Why ultra-longhaul flights are more practical than ever
What makes ultra longhaul flying more sustainable than in the past? A couple of factors:
- The new aircraft technology we’ve seen, especially with the Airbus A350 and Boeing 787; these planes are fuel efficient and relatively low capacity (at least compared to the 747), and as a result are able to operate long flights in a profitable manner
- Oil prices are still fairly low, and there’s strong global demand for nonstop flights between business hubs
Qatar Airways A350
The world’s 12 farthest flights
I figured it would be fun to look at the world’s 12 farthest flights, given how much the list has changed lately. I’m going off of distance here, since winds can also have an impact on the duration of flights, and on top of that, some airlines do a lot of schedule padding. What’s pretty amazing to me is that all 12 of these flights are over 8,000 miles, which is a long way to go nonstop.
So, what are the world’s farthest flights? Here they are, starting with the longest (I’m including the airline that operates the route, the distance, and the aircraft type used):
- Auckland to Doha / Qatar / 9,032 miles / Boeing 777-200LR
- Perth to London / Qantas / 9,010 miles / Boeing 787-9
- Auckland to Dubai / Emirates / 8,824 miles / Airbus A380
- Los Angeles to Singapore / United / 8,770 miles / Boeing 787-9
- Houston to Sydney / United / 8,596 miles / Boeing 787-9
- Dallas to Sydney / Qantas / 8,578 miles / Airbus A380
- San Francisco to Singapore / Singapore & United / 8,446 miles / Airbus A350-900 & Boeing 787-9
- Johannesburg to Atlanta / Delta / 8,439 miles / Boeing 777-200LR
- Abu Dhabi to Los Angeles / Etihad / 8,390 miles / Boeing 777-300ER
- Dubai to Los Angeles / Emirates / 8,339 miles / Airbus A380
- Jeddah to Los Angeles / Saudia / 8,332 miles / Boeing 777-300ER
- Doha to Los Angeles / Qatar / 8,306 miles / Boeing 777-200LR
Singapore Airlines A350
I intentionally left out the flight time, since they fluctuate throughout the year due to winds. All 12 of these flights are blocked anywhere between 16hr and 18hr20min, depending on the time of year. I’m leaving out those flight times not just because the seasonal fluctuations, but also because some airlines pad their schedules more than others (in order to create artificial on-time arrivals), so I don’t want to give them too much credit there.

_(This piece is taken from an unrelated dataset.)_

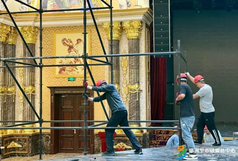 在活动现场,工人们各司其职、配合默契,有的合力抬运灯架部件对齐接口,有的蹲身拧紧固定螺栓,钢管碰撞的声响此起彼伏。谈及舞台设计,内蒙古广播电视台内蒙古卫视导演、套娃情选美大赛总导演武莹说:“我们在保留原有梯形台固定功能的基础上,通过多组矩形结构拼接做了表演面的延伸。比赛当天,现场既要呈现佳丽的服装展示,也有表演嘉宾的精彩演出,把舞台打造成立体的视听空间,能让观众沉浸式进行观赏。”

Here’s a map with all the routes, which is quite cluttered, as you can see:
Just to further illustrate how much more popular ultra longhaul flights have become, only five of the above 12 flights have been operating prior to 2016, meaning that seven of the above routes have been launched within the past couple of years. Even more impressive, all five of the world’s longest flights have been launched since 2016.
The world’s future longest flight
So, what’s next for ultra longhaul flying? We know that within the next year, one new flight will make this list. Specifically. we know that later this year Singapore Airlines will be launching flights between Singapore and New York, covering a distance of 9,530 miles, making it the longest flight in the world by about 500 miles. This will be operated by the Airbus A350-900ULR, for which Singapore Airlines is the launch customer.
Next year the airline will also be launching flights between Los Angeles and Singapore, duplicating United’s route, which is currently the fourth longest in the world.
It’s exciting to see the number of new ultra longhaul flights that are being added by airlines, thanks to new aircraft, like the 787 and A350. While these ultra longhaul flights are great for those traveling in business class, I can’t imagine doing a nonstop flight like this in economy. In those situations I can’t help but feel like I’d rather break up the journey than fly nonstop.
It’s especially encouraging that all five of the world’s longest flights have been added within the past couple of years. While we know a nonstop flight from Singapore to New York is coming later this year, I’m curious what else is in the pipeline.
What new ultra longhaul routes would you like to see?